Complex pricing - Multi-layered cost structure (platform + STT + LLM + TTS + telephony) makes budgeting difficult
Developer-first - Requires programming skills, not suitable for teams without developers
Provider management - You must manage 4-5 separate providers with separate billing
Expensive HIPAA - $1,000/month for HIPAA compliance, while competitors include it in their pricing
Vendor lock-in - Despite BYO keys, orchestration logic is tied to the Vapi platform
Variable latency - ~700ms on average, but can increase depending on chosen providers

FAQ

Can I use my own AI models?

Yes, Vapi supports BYO (Bring Your Own) keys for all pipeline components. You can use any LLM, TTS, and STT. If your model is hosted with a supported provider, just provide your API key. For custom models hosted elsewhere, use the Custom LLM URL.

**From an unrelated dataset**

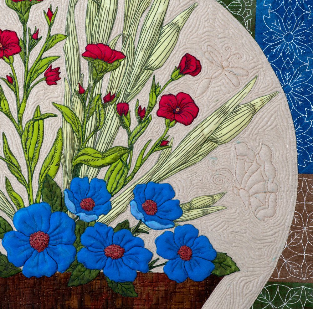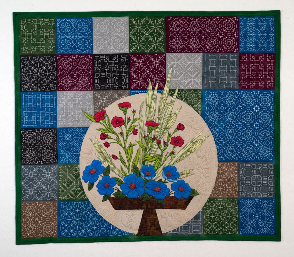 A quilt honoring the Japanese women in Kanazawa, Japan, who not only taught me Ikebana but also how to manage a Japanese home more than forty years ago. Made from Peppered Cottons (a soft loosely woven cotton), commercial embroidery designs from OESD for the Sashiko embroidered blocks, digitally painted flowers printed on cotton and arranged in situ on the quilt top in the Japanese style vase constructed from hand dyed dupioni silk.
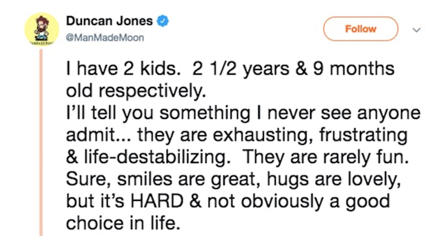Screenwriter, director, and father-of-two, Duncan Jones, caused quite the buzz on social media over the weekend because he admitted something most parents have thought at one time or another — parenting is really freaking hard and not always enjoyable.

How much does a minute of conversation cost?

Vapi's base fee is $0.05/min, but the true cost is $0.13-$0.31/min after adding STT, LLM, TTS, and telephony costs. The exact amount depends on your chosen providers.

Does Vapi support Polish?

Yes, Vapi supports over 100 languages, including Polish. Quality depends on your chosen STT and TTS providers - Whisper (OpenAI) and ElevenLabs offer good support for Polish.

How quickly can I build my first agent?

Registration takes about 10 minutes. Configuring your first agent takes another 20-30 minutes. Within an hour, you can have a working voice agent that answers phones and holds natural conversations.

Is Vapi open source?

No, Vapi is a closed platform. Client SDKs (Web, Python) are available on GitHub, but the orchestration engine itself is proprietary. If you're looking for an open-source alternative, check out Vocode.

When should I choose Vapi over Retell AI or Bland AI?

Choose Vapi when you need maximum control over the voice pipeline, want to use custom models, are building a developer product, or need Flow Studio for visual conversation design. Retell is better for simpler deployments and healthcare, while Bland excels at large-scale outbound campaigns.

Summary

Vapi is the most powerful platform for building voice AI agents if you have a development team and need full control over every pipeline element. The modular BYO keys architecture, Flow Studio, tool calling, and support for 100+ languages mean you can build exactly the agent you need.

The main trade-offs are complex pricing (realistically $0.13-$0.31/min vs simpler competitor models) and the requirement for technical skills. For teams with developers building advanced voice solutions - Vapi is the industry standard.